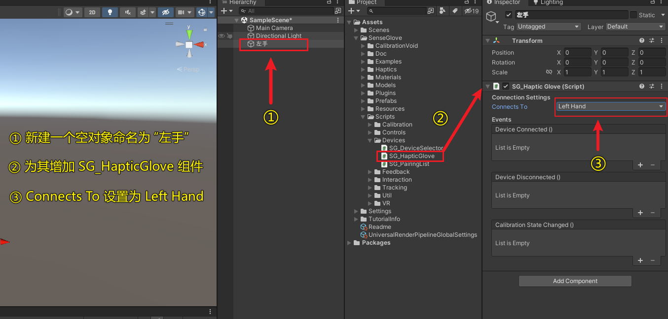 一、新建空对象,增加SG_HapticGlove组件
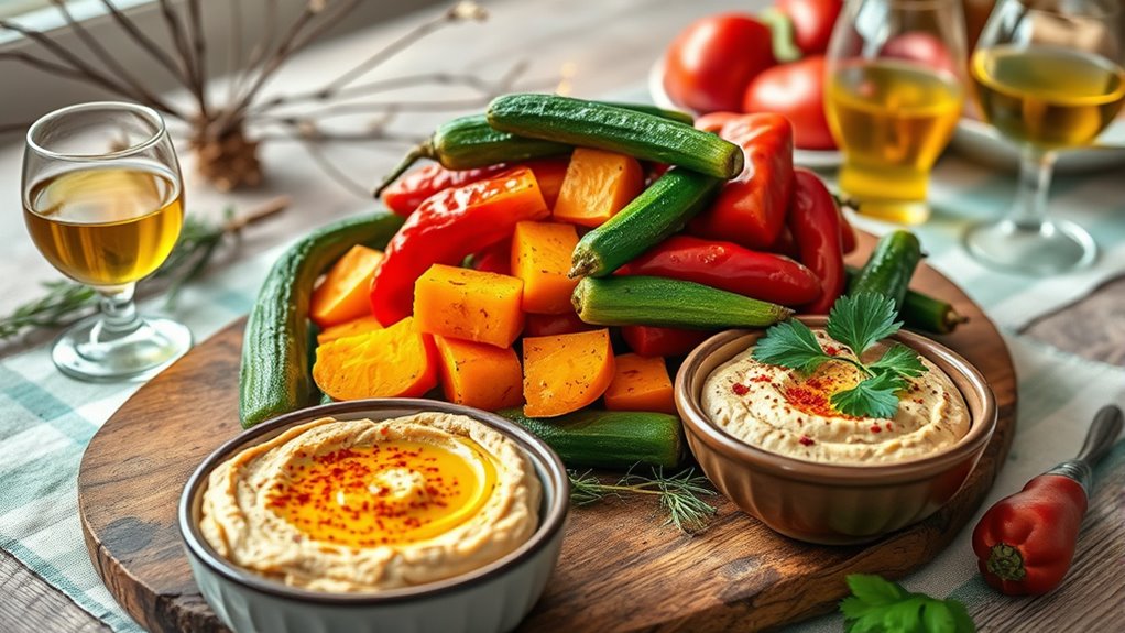 In winter, embrace the Mediterranean diet with hearty recipes that highlight seasonal produce like root vegetables, leafy greens, and citrus fruits. Use warming spices such as cinnamon, nutmeg, and paprika to add flavor and health benefits. Simple dishes like roasted vegetables, hearty stews, and fresh herb salads work beautifully, providing nourishing, flavorful meals. Continuing will reveal inspiring ideas to keep your winter diet vibrant, healthy, and satisfying.
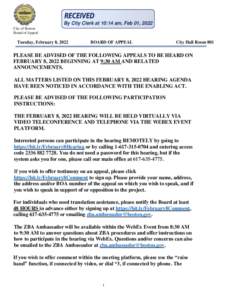 By City Clerk at 10:14 am, Feb 01, 2022 City of Boston Board of Appeal Tuesday, February 8, 2022BOARD OF Appealing Hall Room 801PLEASE BE ADVISED OF THE FOLLOWING APPEALS TO BE HEARD ON FEBRUARY 8,

********

— Goal of the exercise —
With pictures omitted, reproduce exactly the lines from the line containing "In winter, embrace" through the end of the data above.

— Task output —
 In winter, embrace the Mediterranean diet with hearty recipes that highlight seasonal produce like root vegetables, leafy greens, and citrus fruits. Use warming spices such as cinnamon, nutmeg, and paprika to add flavor and health benefits. Simple dishes like roasted vegetables, hearty stews, and fresh herb salads work beautifully, providing nourishing, flavorful meals. Continuing will reveal inspiring ideas to keep your winter diet vibrant, healthy, and satisfying.
 By City Clerk at 10:14 am, Feb 01, 2022 City of Boston Board of Appeal Tuesday, February 8, 2022BOARD OF Appealing Hall Room 801PLEASE BE ADVISED OF THE FOLLOWING APPEALS TO BE HEARD ON FEBRUARY 8,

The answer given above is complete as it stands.